Students for Justice in Palestine Groups Suspended by UCLA
AP Photo/Stefan Jeremiah

UCLA administrators said last Wednesday that they would be suspending two Students for Justice in Palestine (SJP) organizations after masked campus activists outside the home of UC Regent Jay Sures.

They vandalized his property and surrounded his wife in her car as well.

In a broad campus message, Chancellor Julio Frenk stated that the UCLA Office of Student Conduct implemented an interim suspension while internal judicial procedures over the groups Students for Justice in Palestine and Graduate Students for Justice in Palestine occurred. The conduct proceedings and suspensions are indefinite.

These groups will no longer be able to apply for student club funding, reserve space for campus meetings, or affiliate with UCLA.

“Without the basic feeling of safety, humans cannot learn, teach, work, and live — much less thrive and flourish.
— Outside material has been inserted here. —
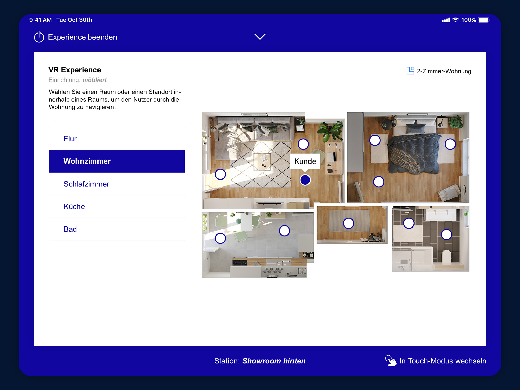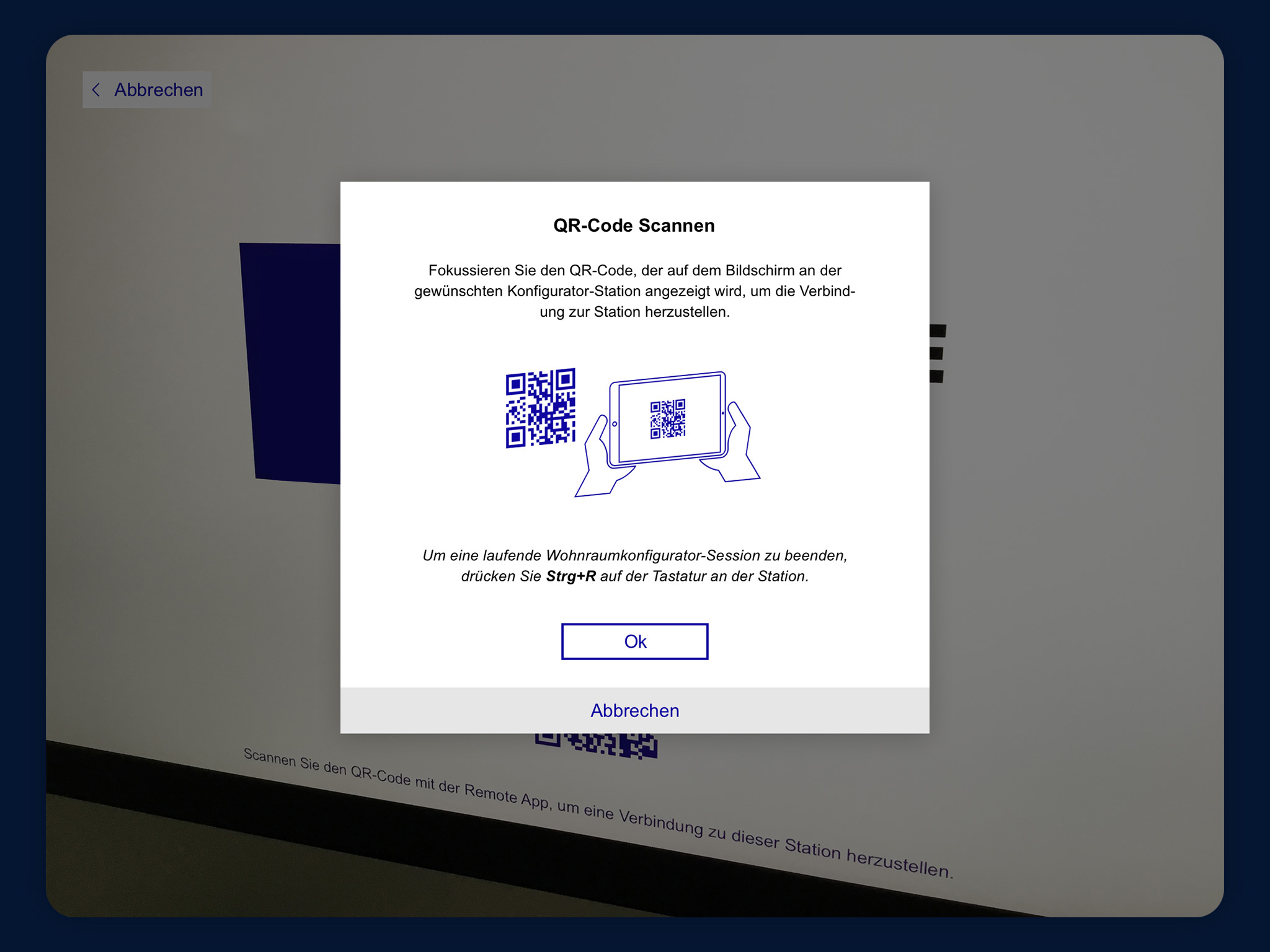 The VR and touch experience can be started and operated easily from the Consultant App. Synchronization of the current configuration session between the app and an experience station is achieved via simply scanning a QR code.

This is true no matter what group you are a member of — or which identities you hold. There is no place for violence in our Bruin community,” Frenk wrote in his letter.

The SJP groups disputed the suspensions in statements posted to Instagram on Thursday, stating that “[W]e reject Frenk’s accusations that student protesters have committed violence against the UCLA community. Regardless of the official status of our organizations, we will never stop fighting for full divestment [from Israel].”

Numerous other UC campuses and others nationwide have banned or suspended SJP.

The organization is suspended until September 2026 from UC Santa Cruz, while it is suspended through November 2029 at UC Irvine. UC San Diego did not renew the university group status this fall after SJP was charged last spring with activities “incompatible with the orderly operation of campus.”

UC adopted “zero-tolerance” policies for code of conduct violations following the unrest in spring 2024. One policy bans masking while breaking the law.

Frenk said that the activists “harassed” Sures and used “threatening messages,” holding a banner saying, “Jonathan Sures, you will pay until you see your final day.” They also “vandalized the Sures home by applying red-colored handprints to the outer walls of the home and hung banners on the property’s hedges.”

Sures is an “outspoken supporter of Israel,” according to the LA Times, and had called actions of pro-Palestinian campus protestors “antisemitic” when both encampments and conflicts with police and administrators increased last year.

Sures believes that the activists chose his home because he’s Jewish, saying that “[T]his is not about me. I’m the target, but this is about protecting every member of our community from intimidation and hate,” Sures said. “The conceit that somehow you will intimidate me and the University of California will divest is silly and illogical. That’s never going to happen.”